Pasteur takes us further still, talking opening in 1874 at the College of Arbois: “Do you know what most of the free thinkers want? Some want the freedom not to think at all and to be fettered by ignorance; others want the freedom to think badly; and others still, the freedom to be dominated by what is suggested to them by instinct and to despise all authority and all tradition. Freedom of thought in the Cartesian sense, freedom to work hard, freedom to pursue research, the right to arrive at such truth as is accessible to evidence and to conform one’s conduct to these exigencies―oh! let us vow a cult to this freedom; for this is what has created modern society in its highest and most fruitful aspects.” (my emphases) Pasteur could not have made his image of those “fettered by ignorance” more separated from the Cartesian freethinkers who follow “evidence” and “pursue research”. Pasteur also had no place for thought unfettered by evidence in pursuit of truth; faith is not part of the reasonable game.

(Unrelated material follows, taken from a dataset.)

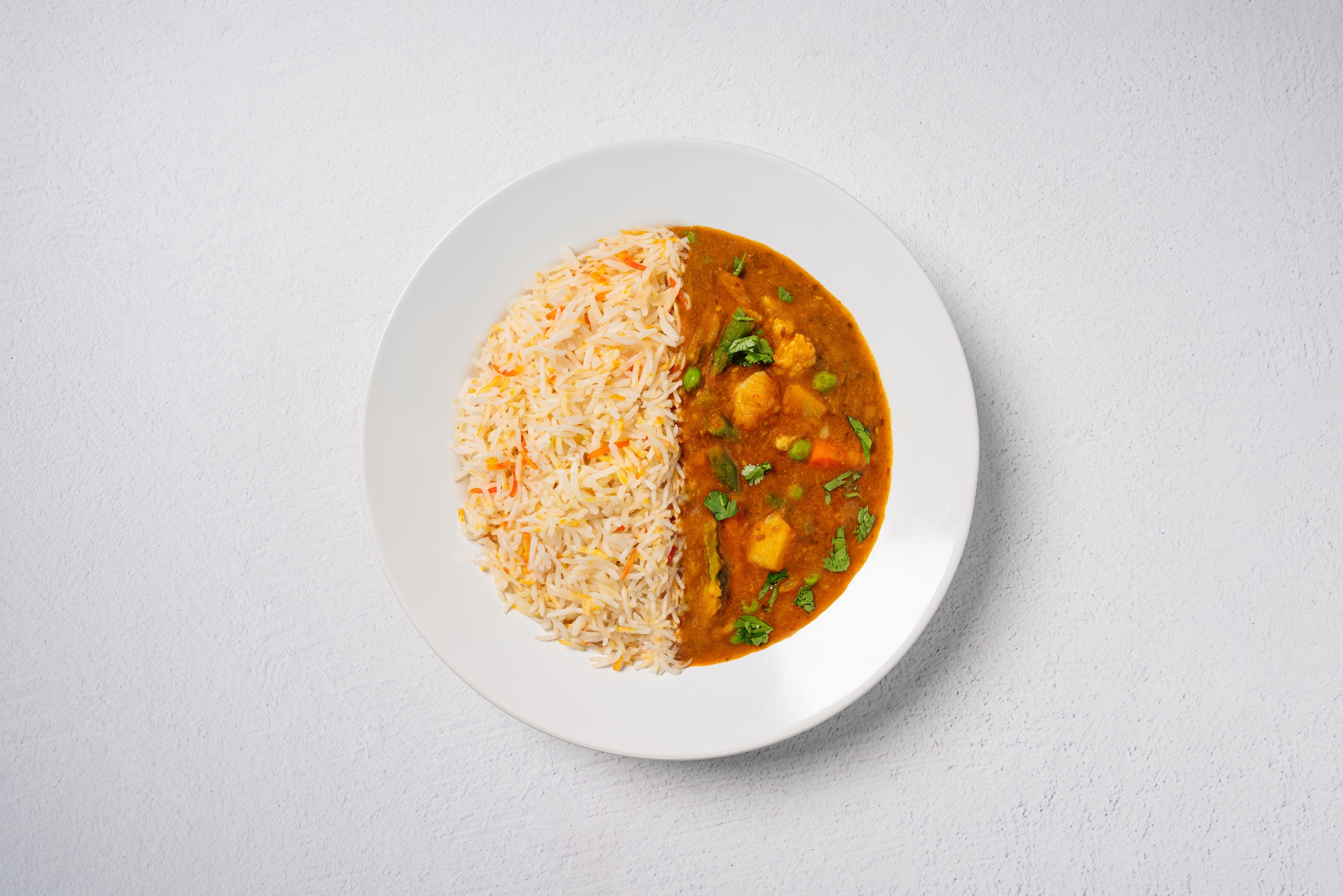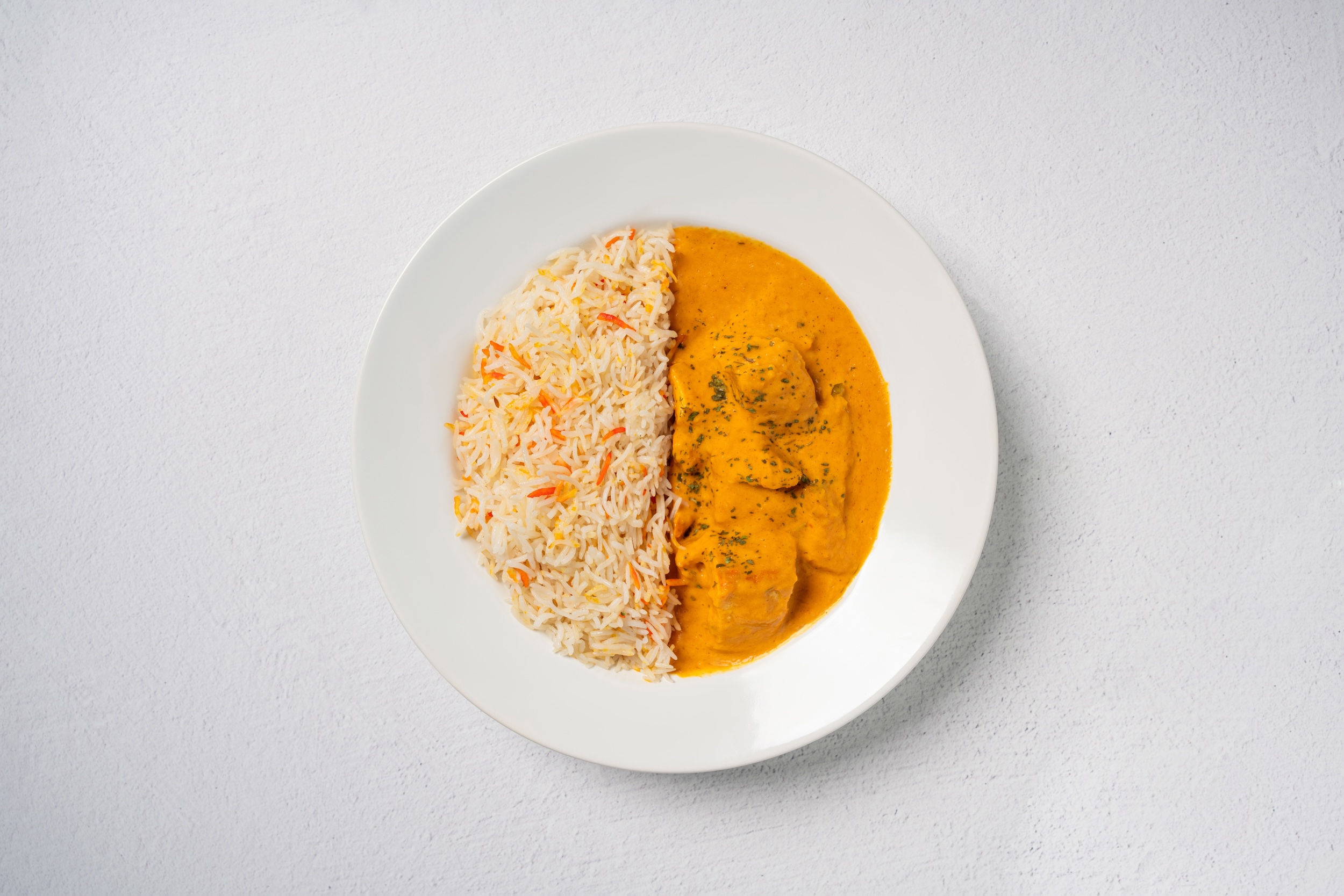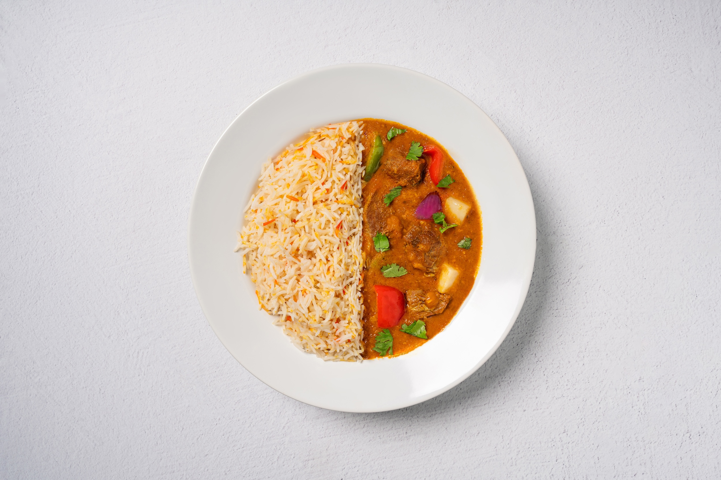 Aromatic long-grain basmati rice infused with clarified butter (ghee) and delicious blend of spices. Garnished with fresh cilantro and red onions. Served with house-made raita crema and curry sauce.

We had a lot of scientists we could have gone on similar journeys of. There have been a lot of scientists throughout history who were simultaneously religious. However, those two parts of them―what Pasteur calls “two men”―are separated. When they are not separated, the “man of faith” beats out the scientist and parks their mind in the perimeter of their ignorance, killing the scientist. Some of the other scientists we could have looked at, and who I did preliminarily look at, include the following: Copernicus, Kepler, Pascal, Boyle, Planck, Heisenberg and even Barack Obama’s Director of the National Institutes of Health: Francis Collins. Some of these people may write apologetic work, they may even argue that their line of science can be used to demonstrate a god, but not one of them has rested on faith to make the scientific advancements they have made. Faith seems to have no methodological value.